Acupuncture and exercise can help relieve pelvic pain during pregnancy, Swedish researchers said. on Friday. One in three women suffer potentially severe and disabling pelvic girdle pain during pregnancy. Now a Swedish study has demonstrated that acupuncture is more effective than either standard or specialized exercises in relieving the pain.

Acupuncture is Used for Pregnancy Depression. Pharmaceutical medication is largely unsuitable for depression during pregnancy. Acupuncture is a safe and effective method for treating depression.

Acupuncture works in conjunction with modern medicine. There is sufficient evidence to acupuncture’s value to expand its use into conventional medicine and treatment of female infertility, and to encourage further studies of its underlying mechanisms as well as to establish its clinical value.
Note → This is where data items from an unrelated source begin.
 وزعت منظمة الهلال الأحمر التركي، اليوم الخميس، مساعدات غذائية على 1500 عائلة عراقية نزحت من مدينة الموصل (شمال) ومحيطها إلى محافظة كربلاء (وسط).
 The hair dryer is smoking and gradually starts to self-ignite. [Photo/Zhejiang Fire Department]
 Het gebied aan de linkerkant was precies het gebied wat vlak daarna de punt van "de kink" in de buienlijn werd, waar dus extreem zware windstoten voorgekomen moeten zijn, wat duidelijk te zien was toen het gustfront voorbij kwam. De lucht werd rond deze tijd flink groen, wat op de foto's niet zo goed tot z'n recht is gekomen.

Chinese herbs improve pregnancy rates in women with unexplained infertility. Fifty women with the Western medical diagnosis of unexplained infertility were treated with Chinese herbal medicine. On their previous menstral cycle, no pregnancies occured. Following herbal treatment, 28 of the 50 women became pregnant with 11 live births and 7 miscarriages. Chinese herbal medicine results in higher success rates of pregnancy, with no patient side-effects and a reduction in the category of patients conventionally classified as having unexplained infertility.

Cortisol levels and very early pregnancy loss in humans. A recent study demonstrates that during the first three weeks of pregnancy women with high cortisol levels (cortisol is a hormone responsible for several stress related activities in the body) are nearly three times more likely to miscarry than women with normal levels of cortisol.
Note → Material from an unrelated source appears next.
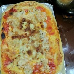 4.Use a fork to cross the bottom of the dough with many small bumps densely in the middle, so that when baking process will not increase.After the dough has rested for 15 minutes, first spread some tomato sauce, then spread the cheese, then put the fished shrimp, chicken and salmon on top, then put two slices of cheese on top, and bake in the oven for 15 minutes.
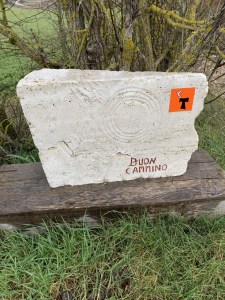 But it really was a fun trip and so here’s some reflections on why you should spend your vacation walking. We are long distance walkers so a mere 11 days and 238km was a warm up really, or actually a warm down, because we did Cluny (France) to Aulla (Tuscany) last year (around 1000km), two previous Caminos from Cluny to Santiago (Spain) in 2011 via the Norte/Primitevo (2038km) and 2016 via Frances (1900km). We’ve got Aulla to Rome (not sure how far but it’ll take three weeks) in September this year…well, maybe! The walk we just completed was following the Tau-dove signs on the Chemin D’Assise (ornage sticker pictured above which are dotted around on lampposts, walls and trees to follow) which started in Cluny, and we were finishing the section off to Assisi. Because we are setting a novel on the walk, and we found out having got to Aulla you can pick up the Via Francigena and get to Rome faster, we thought our characters would do this – but we wanted to finish the dove walk. Before walking this time, we spent a few days going to the towns on the Francigena so we could write the book draft. Seems like this might have been a really smart move Italy/travel is off the agenda for a while. This of course is an extra reason for us to walk – research!

Electro-acupuncture reduces high uterine artery blood flow impedance. Electro acupuncture can reduce high uterine artery blood flow impedance, thereby creating more favorable conditions for IVF implantation success.
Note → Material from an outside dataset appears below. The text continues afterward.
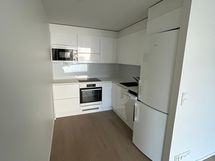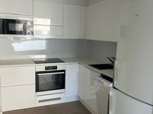 - Induktioliesi, erillisuuni, vedettävä liesikupu, jääkaappipakastin, astianpesukone AEG, mikroaaltouuni. Vaaleat kaapistot. Kodinkoneet valkoiset. Työtaso vaalea, komposiittiallas (tumma). Välitila lasia (vaalea), välitilan valaistus led-spotit.

Hand surface temperature (HST) may predict efficacy of acupuncture for ovulation induction. This study suggests that measuring hand surface temperature (HST) may provide a rough but simple method for predicting the effect of electro-acupuncture (EA) on ovulation induction. The relationship of ovulation and HST in normal women is different from that in anovulatory patients. Thus, in anovulatory cases, the hyperactive sympathetic system can be depressed by EA and the function of the hypothalamus-pituitary-ovarian axis can be regulated by EA via central sympathetic system. This might be another possible mechanism of EA ovulation induction. Another mechanism might be that EA may promote the release of ß-E in the brain and reduce LH-RH secretion from hypothalamus. Therefore, the blood LH content released from the pituitary is decreased, leading to ovulation.